New gunshot detection systems to help combat rhino poaching at Kruger
The announcement was made in the run-up to World Rhino Day on Sunday.
In 2014, ShotSpotter began a pilot of its gunshot detection technology in the intensified protection zone of Kruger National Park, home to 60% of the last remaining rhinos, the company said.
Previously, given the vast expanse of the park, most poaching incidents went undetected with carcasses found days or weeks after a kill. However, with the introduction of ShotSpotter Labs to detect, locate and alert park rangers to gunfire incidents in under 60 seconds, there have been multiple poacher apprehensions.

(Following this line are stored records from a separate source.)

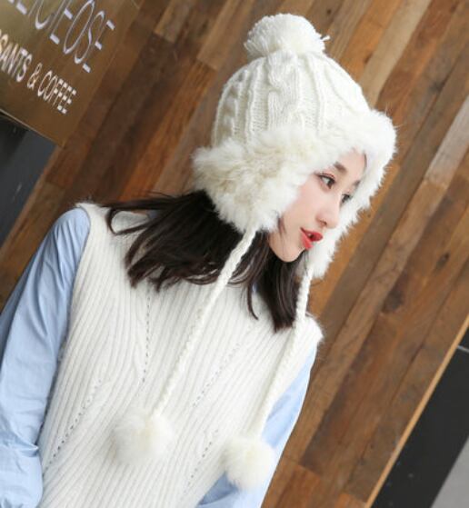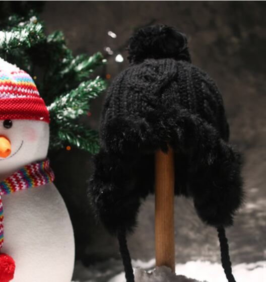 全5色 ニット帽 冬 ファー 可愛い カジュアル ウール キャップニット 帽子 防寒 イヤーキャップ プロテクター レディース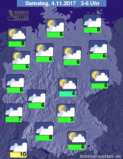 Am Samstag ist es nach Norden hin meist wechselnd bis aufgelockert, sonst schon meist stark bewölkt, dazu ist es zunächst trocken. Gegen Abend ziehen in den westlichsten Landesteilen kompakte Wolken und gebietsweise Regen auf. Die Temperatur steigt auf 12 Grad an der Ostsee und bis 18 Grad in Stuttgart.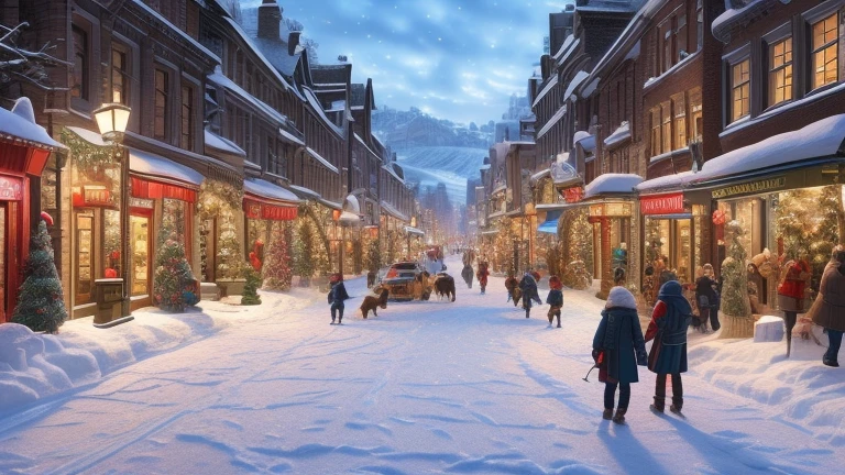 Christmas Men and Women and Boys and Girls and Dogs and Cats in Snowy Street Scene ((action poses)) ((photorealistic)) ((live action)) ((ultra detailed)) ((detailed faces)) ((detailed Body)) ((detailed background)), ((highest resolution)), ((highest quality)), ((64k)), ((sharp focus)), ((3d))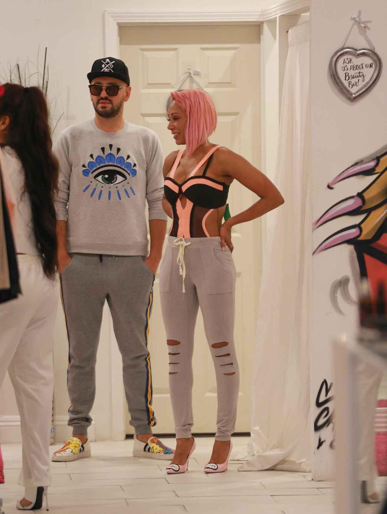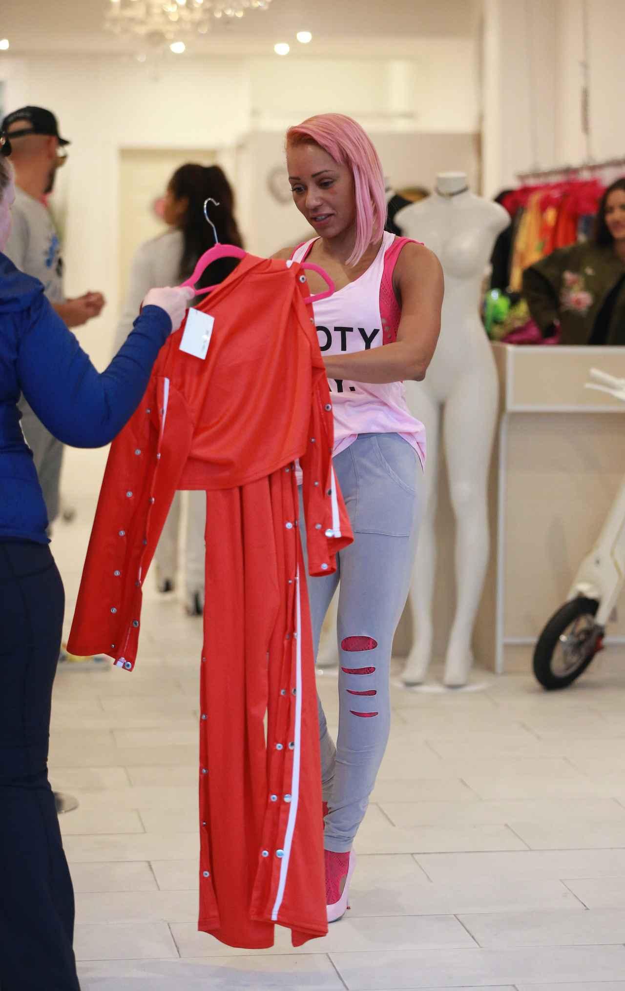42歳とは思えない引き締まったボディのメラニーは、全身ピンクコーデで登場し、店に入ると早速グレーのパンツを試着するなど、ゲイリーとともに思い思いに店に展示してある洋服を物色。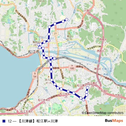See why over 2 million users trust and consider busmaps.com as the best public transport website. busmaps gives you Matsue Buses suggested routes, real-time bus tracker, line route maps in Matsue, and helps to find the closest 12 bus stops near you. No internet available? Download an offline PDF map and bus schedule for the 12 bus to take on your trip.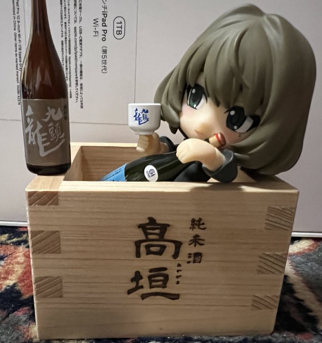 4 7 年末の買い出しに行ったらガチャガチャにミニチュア一升瓶があったので。 楓さんに持たせたらピッタリだった #キューポッシュ 抱えてるのは出羽桜 21/12/31 13:45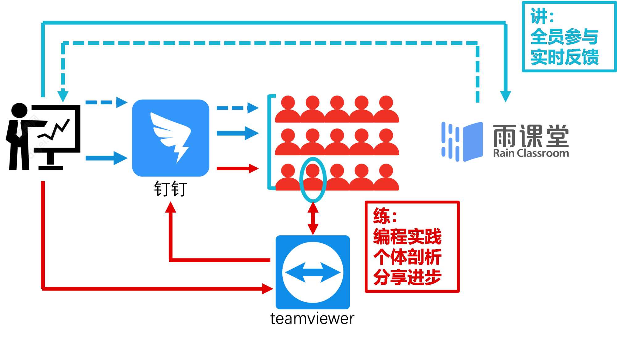 我们总结在线主讲教学的讲、练过程,如图1。首先,教员通过钉钉平台对学员进行群体授课。雨课堂进行快速的随堂考查问卷发送与结果反馈,帮助教员进行课堂秩序维护、教学效果反馈、调整授课进度。Teamviewer软件,在程序设计讨论环节,能够有针对性地对单个学员进行指导,同时将这个指导、实践的过程分享给全体学员。形成一个很好的远程在线教学有讲、有练的教学闭环。
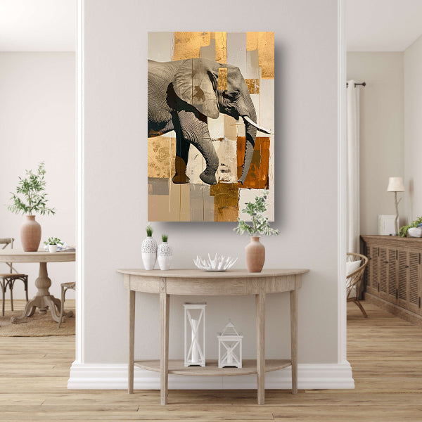 Moderne abstracte olifant in sepia tonen canvas met baklijst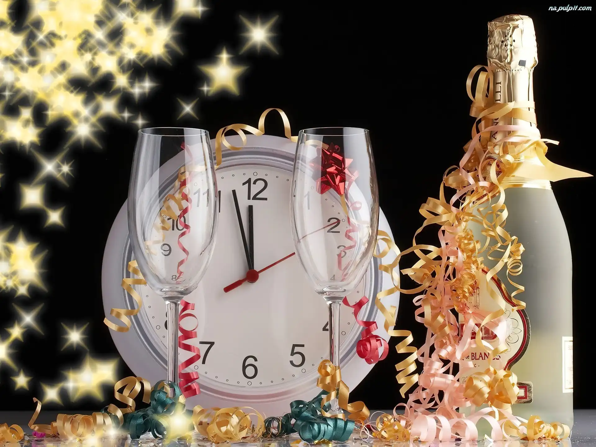 Szampan, Nowy, Sylwester, Dekoracja, Rok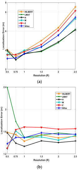 As can be seen from Figure 12a, the proposed NHexCurves model showed good error performance at low-resolution values for the WCL method. The proposed model stands out compared to other models, especially with a value of R = 0.5. As is known, WCL takes the weighted average of the beacons in the coverage area to determine the locations of UNNs. If paying attention, there are many turns in the proposed model. Beacons are also published on these turns. This increases the probability of finding more beacons than the uniformly distributed ROI for the WCL method, especially when the resolution decreases. Therefore, the performance of the proposed model can be higher at low resolutions. After R = 1, the H-curve and LMAT models showed the best error performance. NHexCurves comes after these models. The performance of the H-curve and LMAT models are similar. In general, error values are obtained slightly higher due to the WCL method. The worst result is again achieved with the HILBERT model. Figure 12b shows the results of the same scenario for the APT method. Here the error values are generally similar, and far fewer errors are obtained than in the WCL. In the proposed model, the distance between the beacons is less than the other models. This is because NHexCurves contains more triangles in different sizes than other models. For this reason, NHexCurves show high performance at low resolutions. Additionally, interesting results have been encountered in this scenario. It has been observed that the LMAT model, which shows stable results after R = 1, gives higher localization error at resolution values lower than this resolution value compared to other models. Although different step intervals are used in other models, if we pay attention, the step range of LMAT is fixed and 12.5 m, and LMAT uses equilateral triangles in its path model. Therefore, in APT, the localization performance of LMAT is low for resolutions less than R = 1. The Z-curve model, which generally provides higher localization error results than other models, gave the best error result with M-curves at R = 0.5. The performance of the proposed NHexCurves model is also very close to these models. However, it can be said that the H-curve gives the best error performance in the overall performance evaluation in this scenario.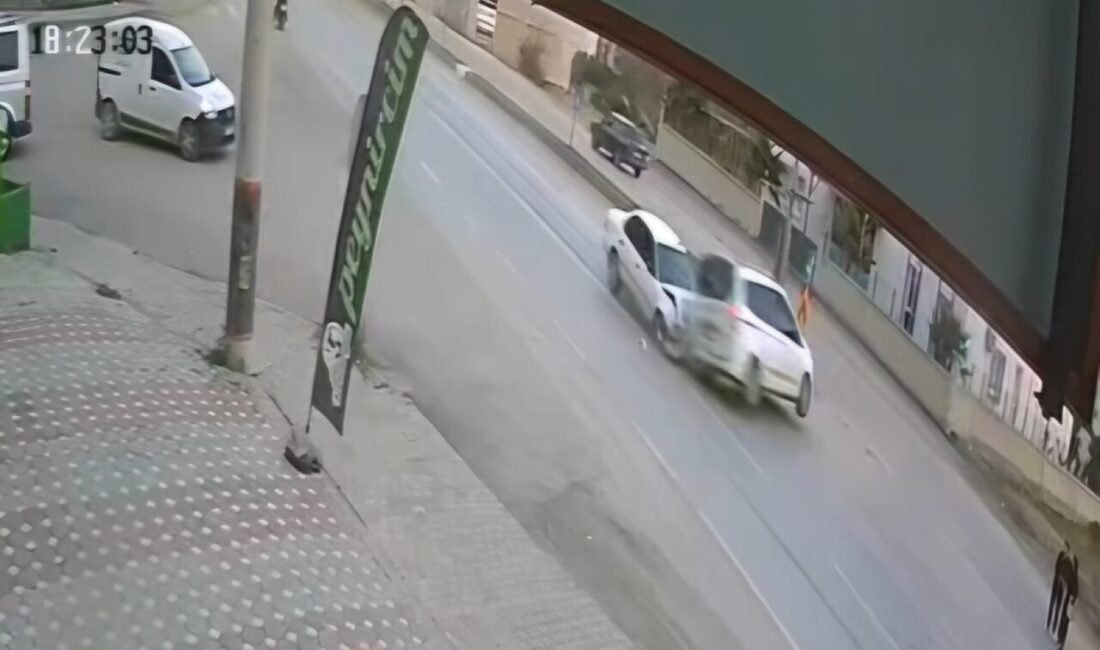 Ali GÖKDAL/KOZAN (Adana), – ADANA’nın Kozan ilçesinde iki otomobilin çarpıştığı kazada 2 kişi yaralandı. Kaza anı bir iş yerinin güvenlik kamerasına yansıdı.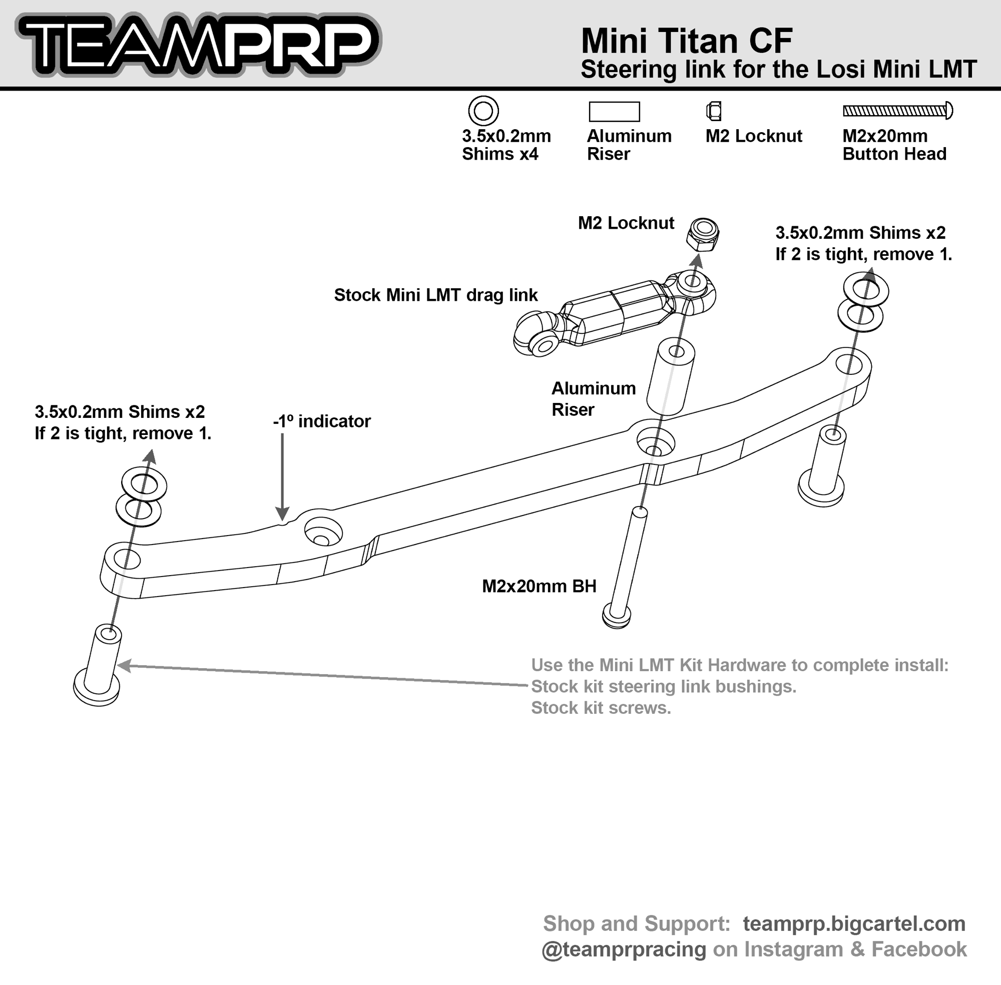 Team PRP Mini Titan CF Steering linkage for the Losi Mini LMT adds a solid and lightweight carbon fiber steering link with 1º toe out for increased racing performance. Your choice of aluminum post color in black, red, blue or gold.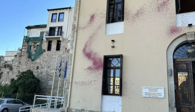 Συνθήματα και μπογιές στο κτήριο της Αποκεντρωμένης Διοίκησης στο Ηράκλειο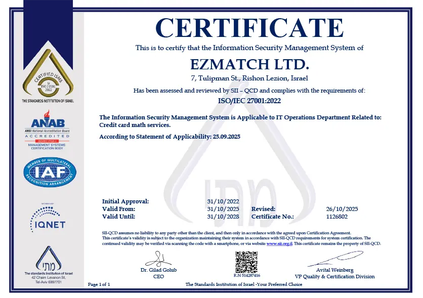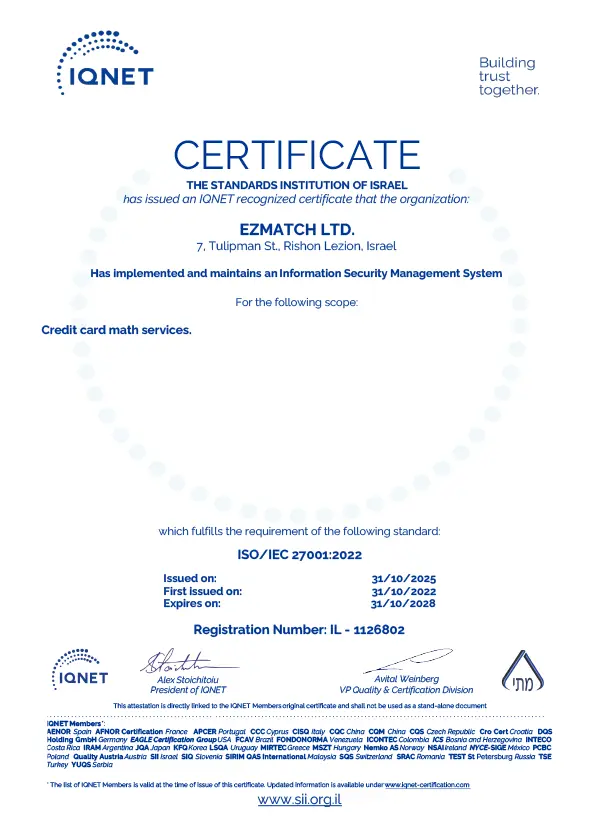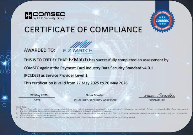 איזימץ' מוסמכת לתקן האבטחה הגבוה ביותר בשוק כרטיסי האשראי.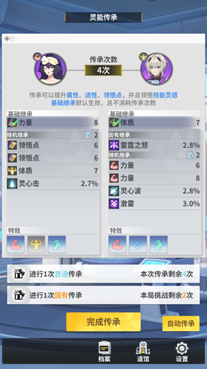 (3)传承少女将在获取时根据基础继承类型分为力量传承、耐力传承、体质传承、灵力传承、敏捷传承、招式传承,每局【新星杯】最多选择每种类型传承各1个;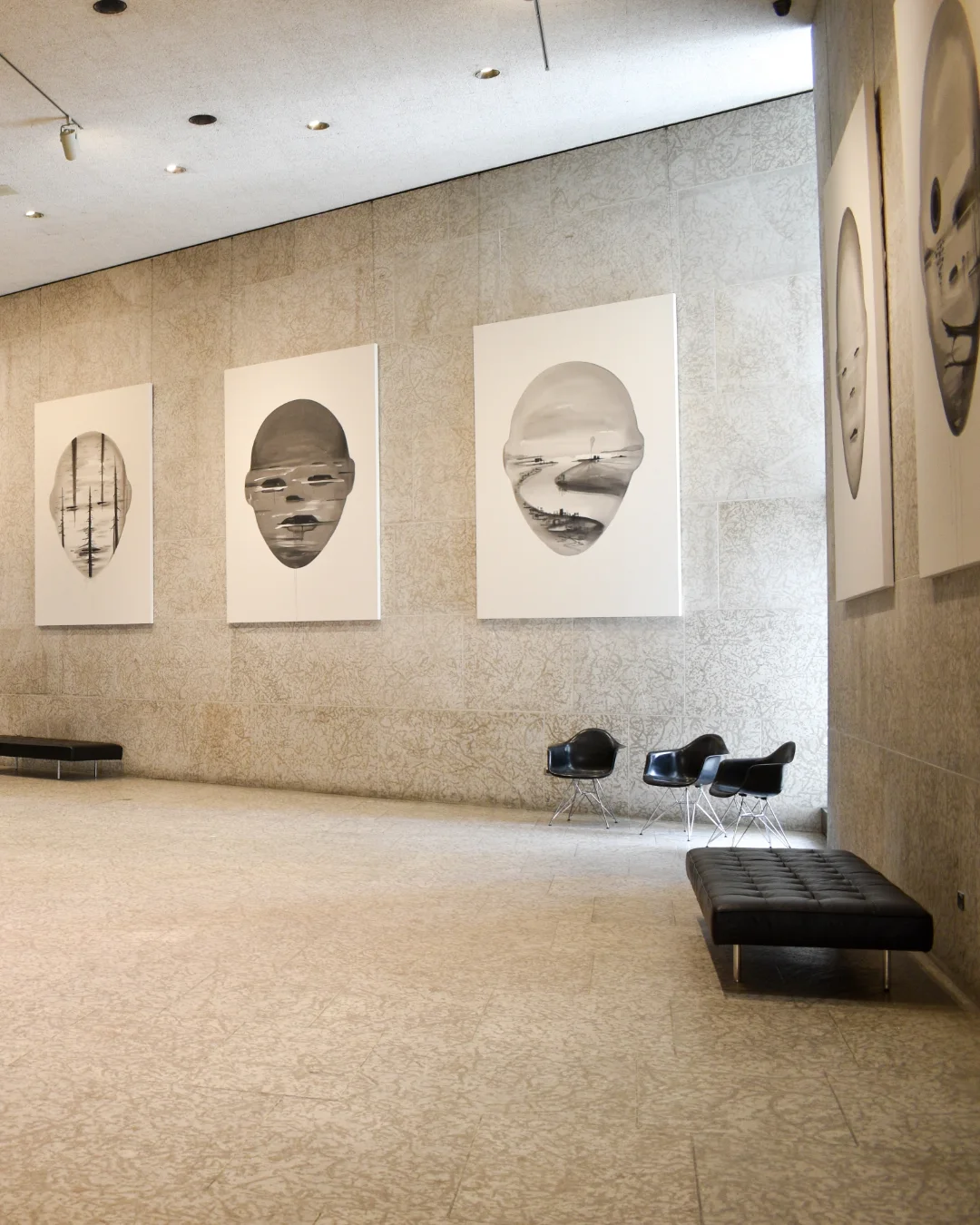 The robot-like heads, stark and expressionless, fill the space. But it’s what’s inside them that tells the real story: grim, natural landscapes sealed behind a grey filter.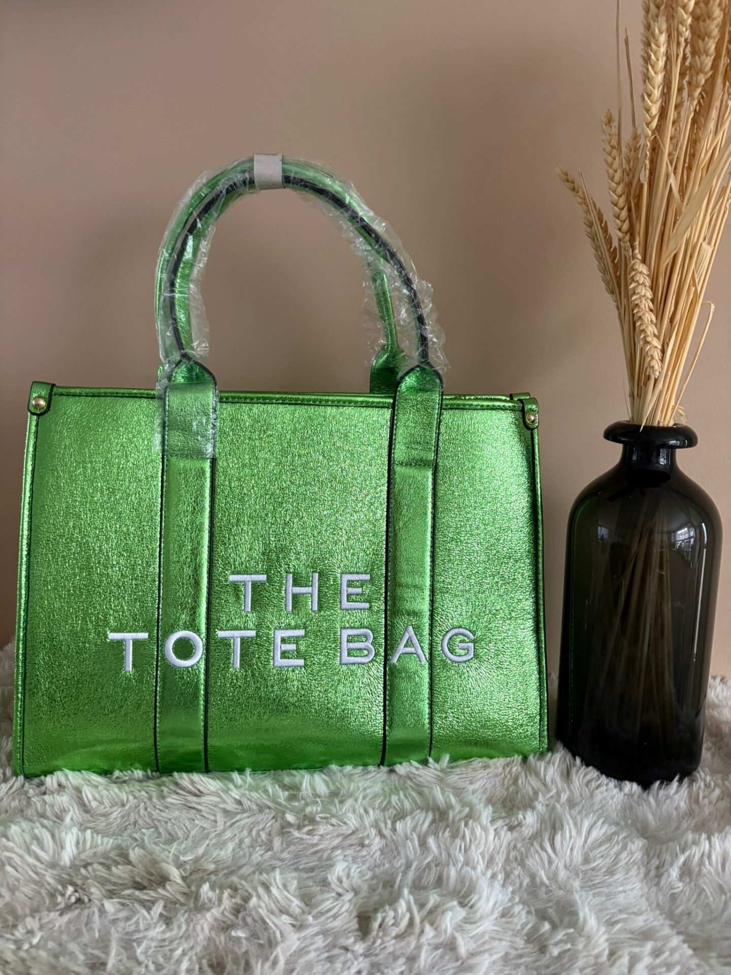 Maak een statement met deze metallic tote handtas maxi formaat, een stijlvolle en ruime tas die luxe combineert met praktisch gebruik. Perfect voor vrouwen die veel ruimte nodig hebben, zonder in te leveren op stijl. Ideaal voor werk, reizen, shoppen of speciale gelegenheden.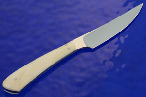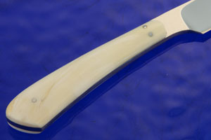 Warthog tusk handle scales are set to the full tang using stainless steel pins. The knife is very lightweight (just 2 oz!) and comfortable to hold, making it perfect for a daily carry fixed blade. From caping to fowl and fish, this bird & trout knife will be a tremendous piece out in the field.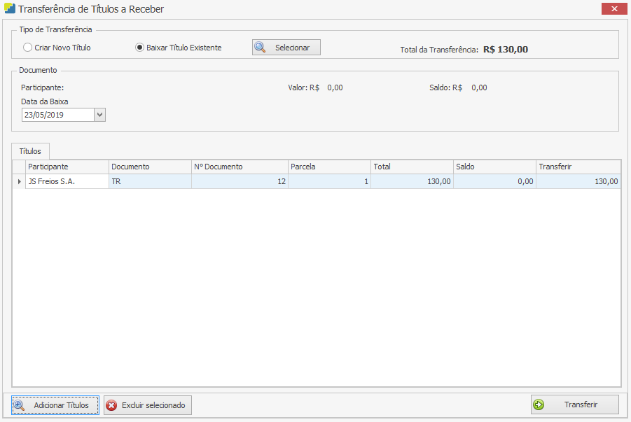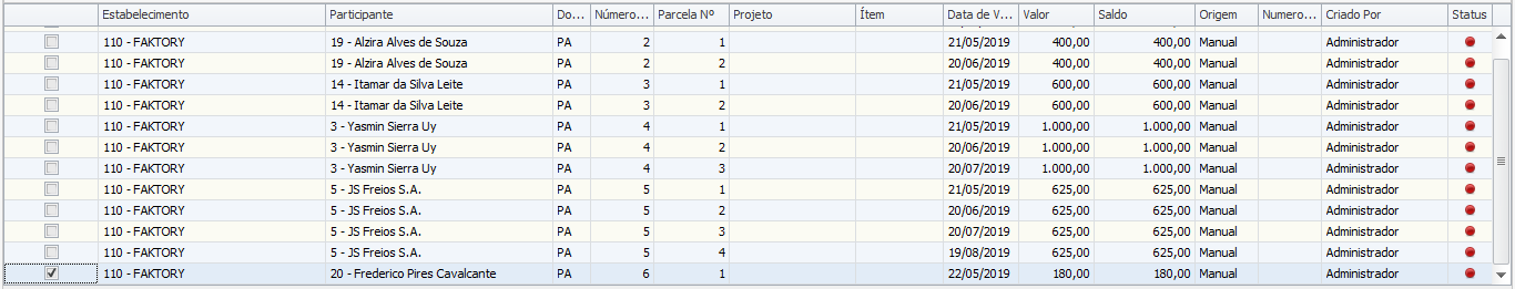 BAIXA DE CONTAS A RECEBER POR PARTICIPANTE

“ShotSpotter changes the game by giving our rangers the exact location of the shot within seconds,” said Glenn Phillips, Kruger National Park’s managing executive.
“The resulting speed and accuracy of the response not only increases our chances of making contact and effecting an arrest but over time we hope will send a powerful message to poachers to stay away.”
In addition to significantly expanding coverage area in the park, ShotSpotter Labs plans to integrate with airborne thermal surveillance technologies for rapid deployment to the precise latitudinal and longitudinal co-ordinates of the gunfire. The combination of gunshot detection and airborne thermal surveillance will enable rangers to better track and intercept poachers.
ShotSpotter has had to adapt its sensors and software for use in the sprawling expanse of the park with no electricity available to power sensors.
These types of system innovations required for anti-poaching are already being applied in other applications such as solar-powered sensors in freeway deployments with limited access to electricity.
“I’ve seen the devastation to the rhino population first-hand in South Africa and it’s meaningful that ShotSpotter can make a difference to help these amazing animals survive for future generations,” said Ralph Clark, president and chief executive of ShotSpotter.
“This kind of engagement is not only the right thing to do, but it’s also an opportunity for us to develop innovative technology that can ultimately be incorporated back into core products across our business.”
The expanded coverage in the park has been made possible by international donors through the Care For Wild rhino sanctuary, to ensure the survival of rhinos for future generations.